### AVAILABLE RECORDS

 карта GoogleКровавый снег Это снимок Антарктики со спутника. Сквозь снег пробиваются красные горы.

...

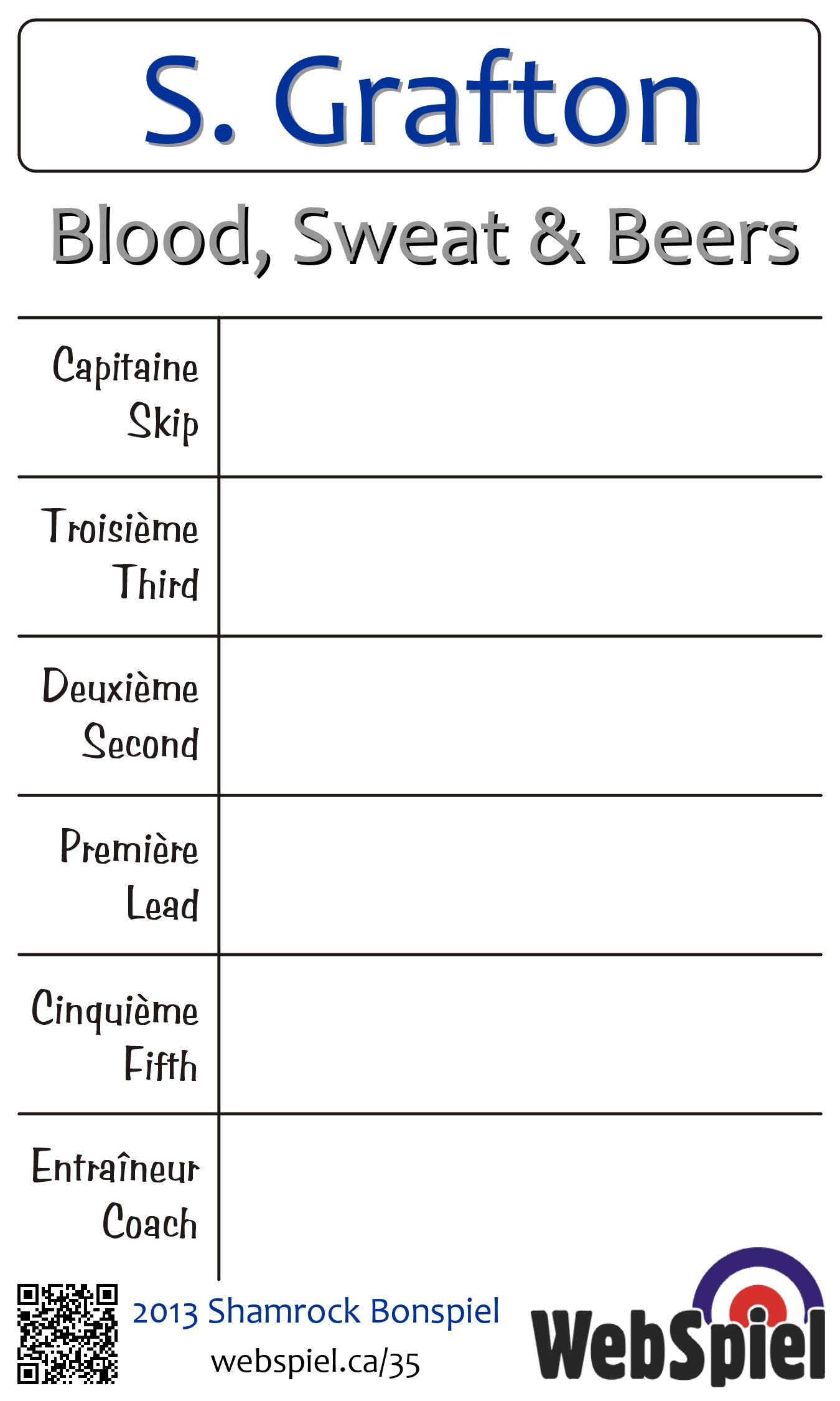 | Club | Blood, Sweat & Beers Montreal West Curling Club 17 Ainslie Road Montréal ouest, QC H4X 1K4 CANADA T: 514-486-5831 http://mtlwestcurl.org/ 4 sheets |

==

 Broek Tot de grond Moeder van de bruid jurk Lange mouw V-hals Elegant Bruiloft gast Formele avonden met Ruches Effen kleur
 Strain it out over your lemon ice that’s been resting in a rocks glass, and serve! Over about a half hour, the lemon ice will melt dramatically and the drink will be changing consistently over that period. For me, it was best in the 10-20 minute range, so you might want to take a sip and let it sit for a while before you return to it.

### TASK ITEM
From the material above, retype precisely the lines between the line holding "Broek Tot de" and the line holding "Strain it out", inclusive, and nothing beyond them.

### SOLUTION
 Broek Tot de grond Moeder van de bruid jurk Lange mouw V-hals Elegant Bruiloft gast Formele avonden met Ruches Effen kleur
 Strain it out over your lemon ice that’s been resting in a rocks glass, and serve! Over about a half hour, the lemon ice will melt dramatically and the drink will be changing consistently over that period. For me, it was best in the 10-20 minute range, so you might want to take a sip and let it sit for a while before you return to it.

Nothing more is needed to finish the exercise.